DEEPFAKESDeFake Tool Protects Voice Recordings from Cybercriminals

By Shawn Ballard

Published 23 April 2024

In what has become a familiar refrain when discussing AI-enabled technologies, voice cloning is enabling increasingly sophisticated scams and deepfakes. The Federal Trade Commission held a Voice Cloning Challenge to encourage the development of technologies to prevent, monitor and evaluate malicious voice cloning.

In what has become a familiar refrain when discussing AI-enabled technologies, voice cloning makes possible beneficial advances in accessibility and creativity while also enabling increasingly sophisticated scams and deepfakes. To combat the potential negative impacts of voice cloning technology, the U.S. Federal Trade Commission (FTC) challenged researchers and tech experts to develop breakthrough ideas on preventing, monitoring and evaluating malicious voice cloning. 

Ning Zhang, assistant professor of computer science & engineering in the McKelvey School of Engineering at Washington University in St. Louis, was one of three winners of the FTC’s Voice Cloning Challenge announced April 8. Zhang’s winning project, DeFake, deploys a kind of watermarking for voice recordings. DeFake embeds carefully crafted distortions that are imperceptible to the human ear into recordings, making criminal cloning more difficult by eliminating usable voice samples.

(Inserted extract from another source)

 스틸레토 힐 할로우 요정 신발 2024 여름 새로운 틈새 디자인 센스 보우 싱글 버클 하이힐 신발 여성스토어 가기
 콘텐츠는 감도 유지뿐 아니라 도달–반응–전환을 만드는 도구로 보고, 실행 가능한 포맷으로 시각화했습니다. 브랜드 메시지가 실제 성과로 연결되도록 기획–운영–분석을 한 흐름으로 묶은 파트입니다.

“DeFake uses a technique of adversarial AI that was originally part of the cybercriminals’ toolbox, but now we’re using it to defend against them,” Zhang said. “Voice cloning relies on the use of pre-existing speech samples to clone a voice, which are generally collected from social media and other platforms. By perturbing the recorded audio signal just a little bit, just enough that it still sounds right to human listeners, but it’s completely different to AI, DeFake obstructs cloning by making criminally synthesized speech sound like other voices, not the intended victim.” 

The project builds on Zhang’s earlier work to thwart unauthorized speech synthesis before it happens. Zhang and the other two winners of the Voice Cloning Challenge, whose proposals focused on detection and authentication, illustrate the variety of approaches being developed to deter harmful practices and protect consumers from bad actors. The winners were selected by a panel of judges and will split $35,000 in prize money.

Shawn Ballard is science writer at Washington University in St, Louis. The article was originally posted to the website of Washington University.